++++ MATERIAL TO PROCESS

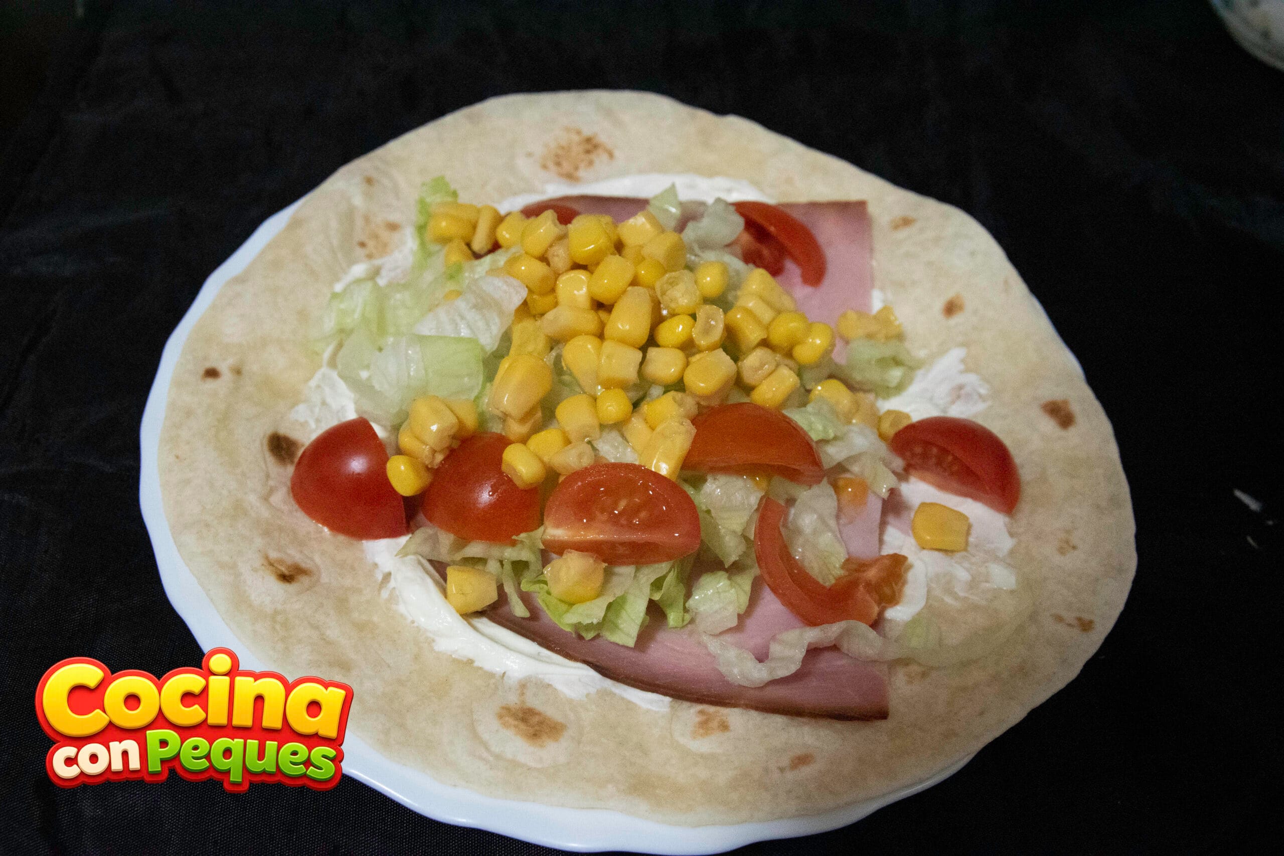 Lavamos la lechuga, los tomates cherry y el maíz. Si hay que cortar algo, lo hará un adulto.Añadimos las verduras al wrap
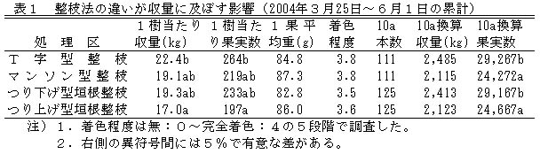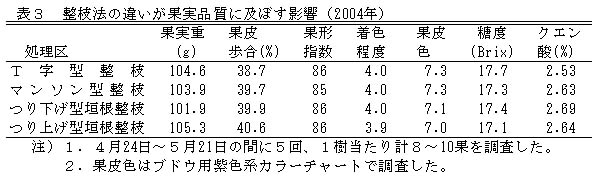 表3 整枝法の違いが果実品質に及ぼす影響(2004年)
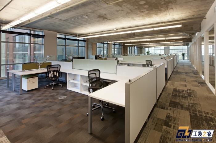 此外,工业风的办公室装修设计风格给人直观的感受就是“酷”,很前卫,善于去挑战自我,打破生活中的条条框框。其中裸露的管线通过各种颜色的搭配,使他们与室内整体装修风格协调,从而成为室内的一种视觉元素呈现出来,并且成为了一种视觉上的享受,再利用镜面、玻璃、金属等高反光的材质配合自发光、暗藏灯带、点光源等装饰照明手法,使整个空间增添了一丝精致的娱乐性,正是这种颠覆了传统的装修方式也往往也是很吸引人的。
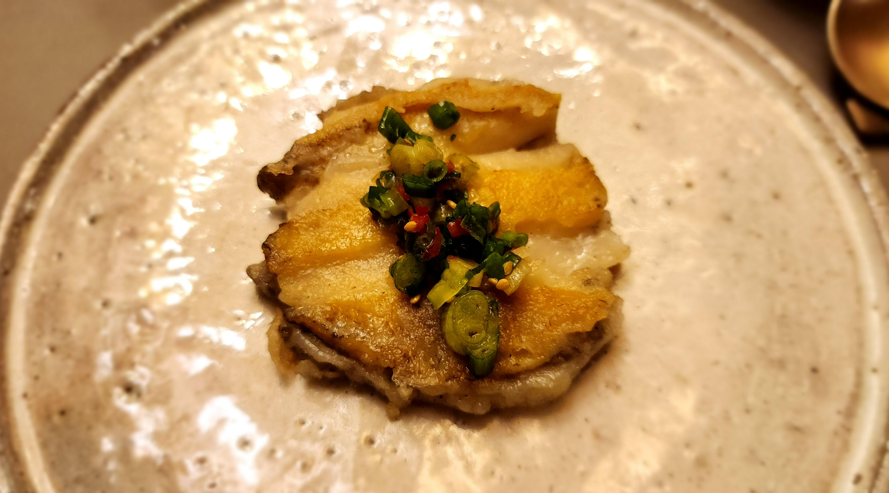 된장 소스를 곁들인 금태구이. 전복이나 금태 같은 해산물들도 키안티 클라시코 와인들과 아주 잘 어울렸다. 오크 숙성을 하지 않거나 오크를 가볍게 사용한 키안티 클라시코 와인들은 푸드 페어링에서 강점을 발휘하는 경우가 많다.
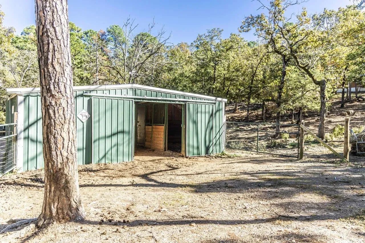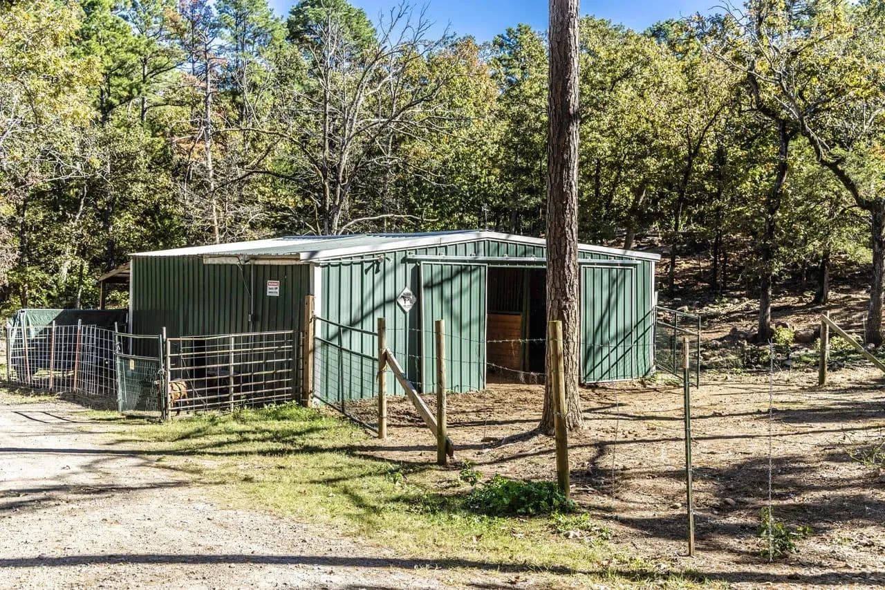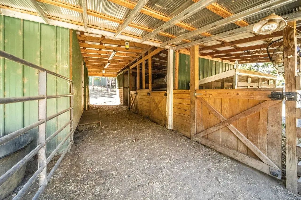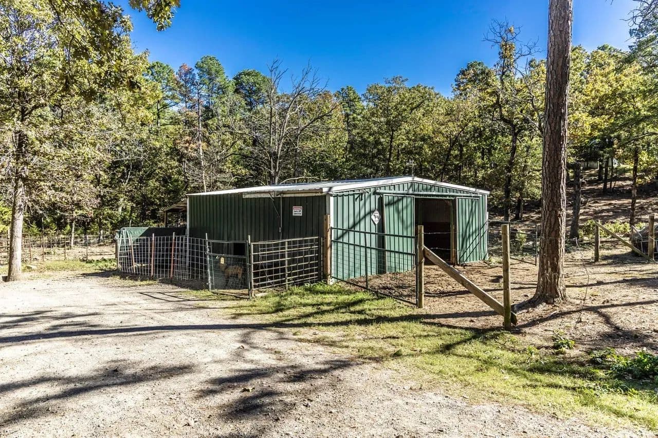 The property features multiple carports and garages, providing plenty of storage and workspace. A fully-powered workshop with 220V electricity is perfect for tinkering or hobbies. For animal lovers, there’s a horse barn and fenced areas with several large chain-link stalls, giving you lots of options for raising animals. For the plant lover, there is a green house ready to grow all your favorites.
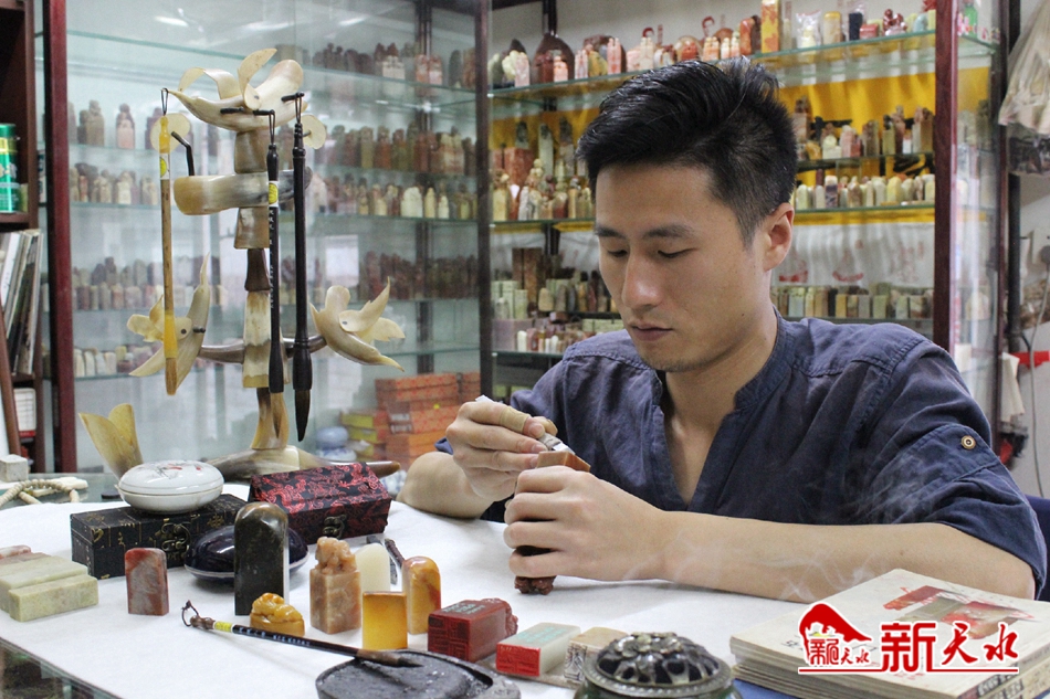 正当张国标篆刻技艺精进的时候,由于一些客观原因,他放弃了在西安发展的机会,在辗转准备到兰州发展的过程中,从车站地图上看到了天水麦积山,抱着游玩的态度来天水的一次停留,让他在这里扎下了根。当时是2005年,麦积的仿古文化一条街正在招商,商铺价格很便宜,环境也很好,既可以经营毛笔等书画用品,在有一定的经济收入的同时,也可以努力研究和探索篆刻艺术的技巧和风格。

++++++++

**YOUR GOAL:**
Using the data above, give again exactly the lines starting at the one holding "此外,工业风的办公室装修设计" and ending at the one holding "된장 소스를 곁들인 금태구이.", inclusive, and nothing more. Omit the pictures.

**EXERCISE OUTPUT:**
 此外,工业风的办公室装修设计风格给人直观的感受就是“酷”,很前卫,善于去挑战自我,打破生活中的条条框框。其中裸露的管线通过各种颜色的搭配,使他们与室内整体装修风格协调,从而成为室内的一种视觉元素呈现出来,并且成为了一种视觉上的享受,再利用镜面、玻璃、金属等高反光的材质配合自发光、暗藏灯带、点光源等装饰照明手法,使整个空间增添了一丝精致的娱乐性,正是这种颠覆了传统的装修方式也往往也是很吸引人的。
 된장 소스를 곁들인 금태구이. 전복이나 금태 같은 해산물들도 키안티 클라시코 와인들과 아주 잘 어울렸다. 오크 숙성을 하지 않거나 오크를 가볍게 사용한 키안티 클라시코 와인들은 푸드 페어링에서 강점을 발휘하는 경우가 많다.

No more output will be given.